Writing for the Ear, Preaching from the Heart
by Donna Giver-Johnston
Fortress Press, Minneapolis, 2021, £13.99
This book is an argument for a particular method of preaching. Giver-Johnston sums it up halfway through the book as ‘…an extemporaneous method in which the sermon is carefully written, for the ear, but delivered orally without notes or text.’ (p 67). The structure is quite simple; the first two chapters build a case for the method and the last two chapters give lots of advice about how to do it. As this is a preaching method the author has used for many years there are lots of examples and anecdotes along the way. Packed into the short 127 pages is also one of the best overviews of preaching theory I have read. It is worth buying the book just for that.

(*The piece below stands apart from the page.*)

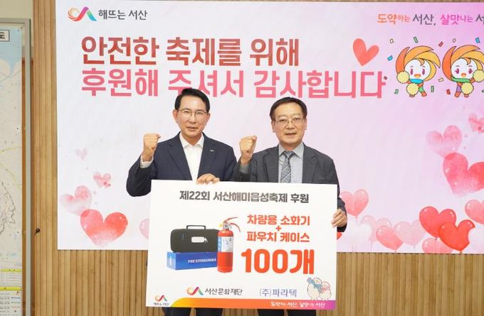 이완섭 서산시장은 “축제의 안전을 위해 귀중한 물품을 기탁해주신 ㈜파라텍에 깊이 감사드린다”며 “서산시와 문화재단도 안전하고 품격 있는 축제를 만들기 위해 최선을 다하겠다”고 전했다.

It took me a while to get into the spirit of this argument. At first, I thought it was because of my scepticism about preaching without notes. As I read more, I realised it was because I was having to do some heavy lifting work of cultural translation. My sense is that the argument that you write a sermon to be heard, rather than as an academic text on a page, is already won in the UK. We write and we speak, with or without notes of various kinds, in order to be listened to. This difference made some of the book heavy going, not least the bits about the theology of communication as incarnational. Furthermore, some of the practical advice needs some translation. I can’t imagine being able to get into any UK church three hours before the service to spend an hour by myself rehearsing a sermon!
Having said that, this is a great book for some really helpful advice about writing, but more importantly about how to embody and perform a sermon in order to connect people with the hints of the divine that you have encountered during your preparation.